In order to provide access to them, this section of this site lists a small number of historical technical objects held in association with Collection Calculant, but at first glance distant from its theme: They are:

It may seem a bit of a stretch, but if there is a connection between these two devices and the rest of collection calculant it is that they represent two sign posts to the context of extraordinary technical advances that were being forged over the late Modern period. In particular they are artifacts which form part of the tapestry of massive changes that took place in the few decades lying within a short period, (roughly, say) from the commencement of the American Civil War (1861) to the First World War (1939)
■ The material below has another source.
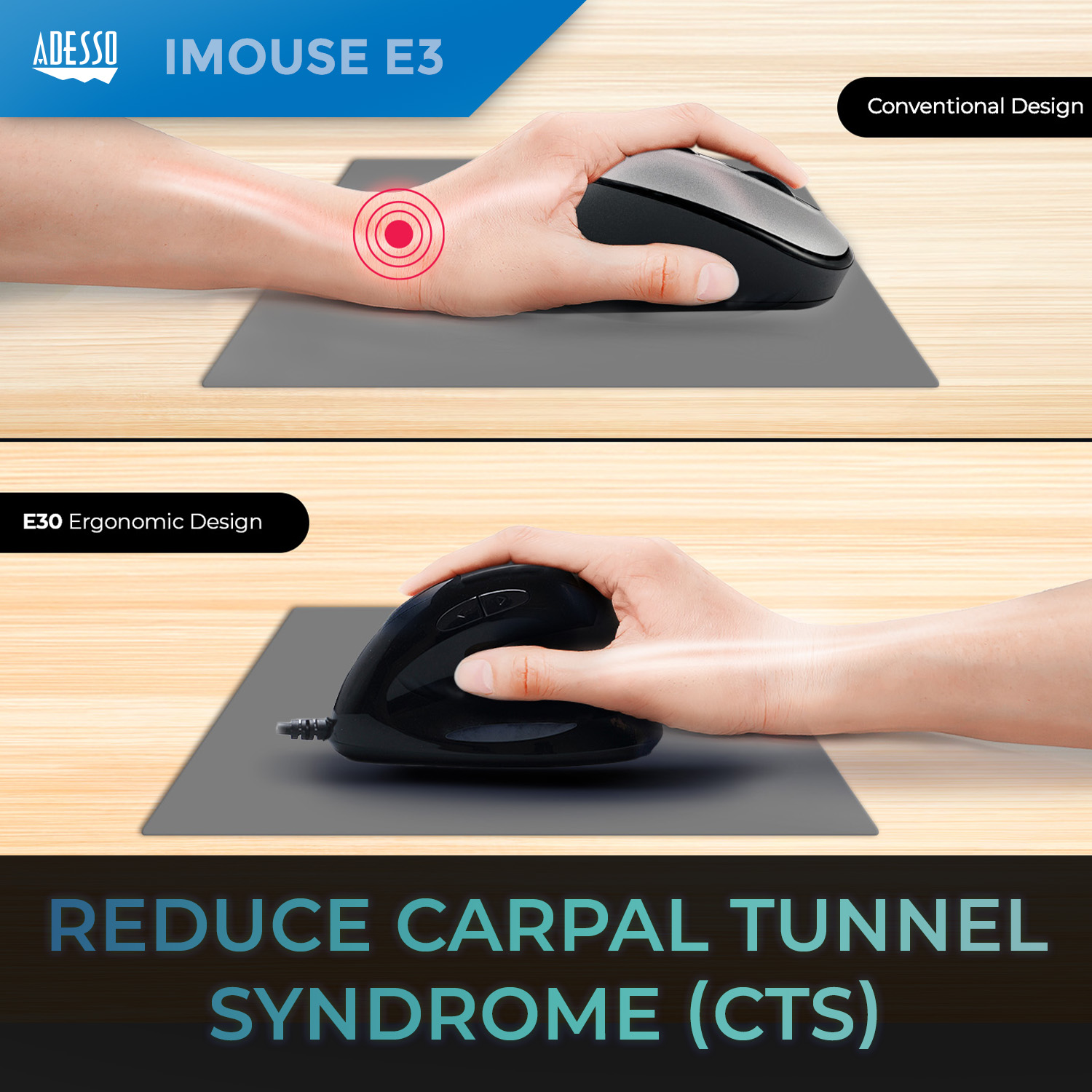 | Reduces Carpal Tunnel Syndrome (CTS) The wrist-friendly contour of the Adesso vertical mice allows you to hold your hand in a neutral “handshake position”, minimizing your forearm muscles from twisting and the possible development of Carpal Tunnel Syndrome. Normally, your forearm muscles are twisted from sitting flat on the supporting surface when using a regular mouse. This “flat position” causes strains on your muscles and leads to wrist pains. This is where the Adesso Vertical Mice become helpful and provide alleviation. |

It was during this short period when, as part of a broader transformation, hand powered mechanical devices would meet their nemesis through the application of electricity. The dramatically reshaped capabilities this would provide would contribute significantly to the rapid transformation of the social, political and economic landscape. As another strand of this, calculators would move forward from comparitively clumsy devices - initially items of curiosity, possessed by some gentleman as a sign of their intellectual curiosity, to increasingly streamlined instruments able to be applied effectively in industrial, commercial and even domestic settings.
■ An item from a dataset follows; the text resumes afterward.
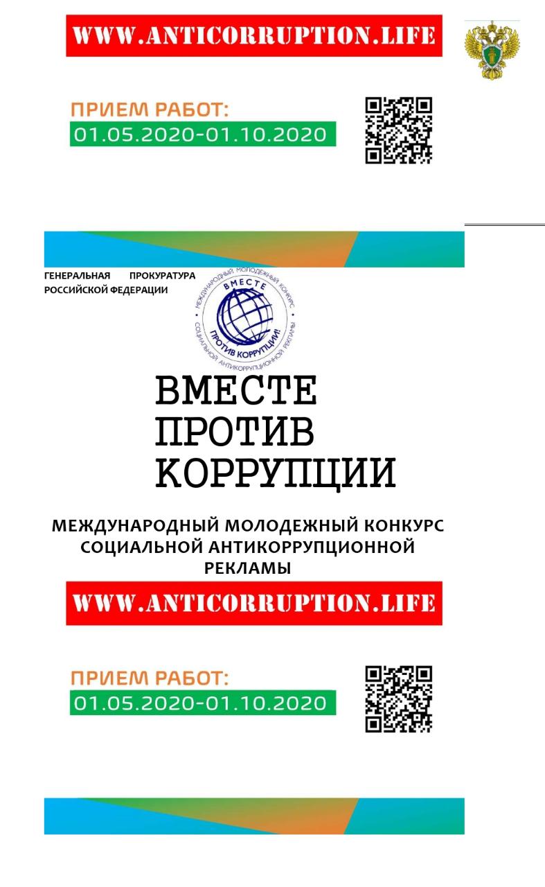 Генеральной прокуратурой Российской Федерации в текущем году организован Международный молодежный конкурс социальной антикоррупционной рекламы на тему «Вместе против коррупции!»Проведение конкурса анонсировано на 8-й сессии Конференции государств- Участников Конвенции Организации Объединенных Наций против коррупции.Прием работ будет осуществляться с 01. Мая по 01. Октября 2020 г. на официальном сайте конкурса http://anticorruotion.life по двум номинациям – социальный плакат и социальный видеоролик.

Other devices would evolve in synchrony. In 1857 Édouard-Léon Scott de Martinville devised his “phonautograph”, the first mechanical device able to transcribe sound from a vibrating membrane to a trace on carbon paper. That was in the same period that Thomas de Colmar brought the technical and commercial sides of mechanical calculating into a genuinely commercially realisable form. And in 1880, James Wimshurst, developed a machine for generating high voltages by accumulating static charges - the basis for brilliant sparks across the air gap between two conducting balls.
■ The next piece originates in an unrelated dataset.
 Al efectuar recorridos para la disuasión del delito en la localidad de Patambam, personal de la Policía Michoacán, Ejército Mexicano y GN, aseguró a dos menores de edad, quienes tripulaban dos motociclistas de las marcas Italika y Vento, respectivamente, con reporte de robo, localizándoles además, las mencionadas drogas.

Soon, mechanical motion - whether to capture sound and reproduce it, or to capture charge and accumulate it - would lead to the development of electrical generators and motors. By 1925 their development would allow mechanical means of transcription of sound on and off ‘records’ to be replaced by electromagnetic methods. In parallel, with increasing capability and decreasing cost of production, new social aspirations would spread across whole societies - from being able to reproduce the sound of an orchestra in a person’s living room, to being able to perform arithmetic with the assistance of their own personal calculating machine.

Of the above the two items in this collection - the E.M.G Xa gramophone (from 1932) which is regarded in the world of phonograph cognoscenti as one of the biggest and best mechanical gramophones ever made, and a late demonstration Wimshurst machine (1910) are but two examples from this avalanche of technical and social change. Here, it is sufficient to note that the revolution in technological development, and the social changes that occurred in parallel, are still shaping and being shaped by the realisation of their ever maturing capabilities across the entire planet.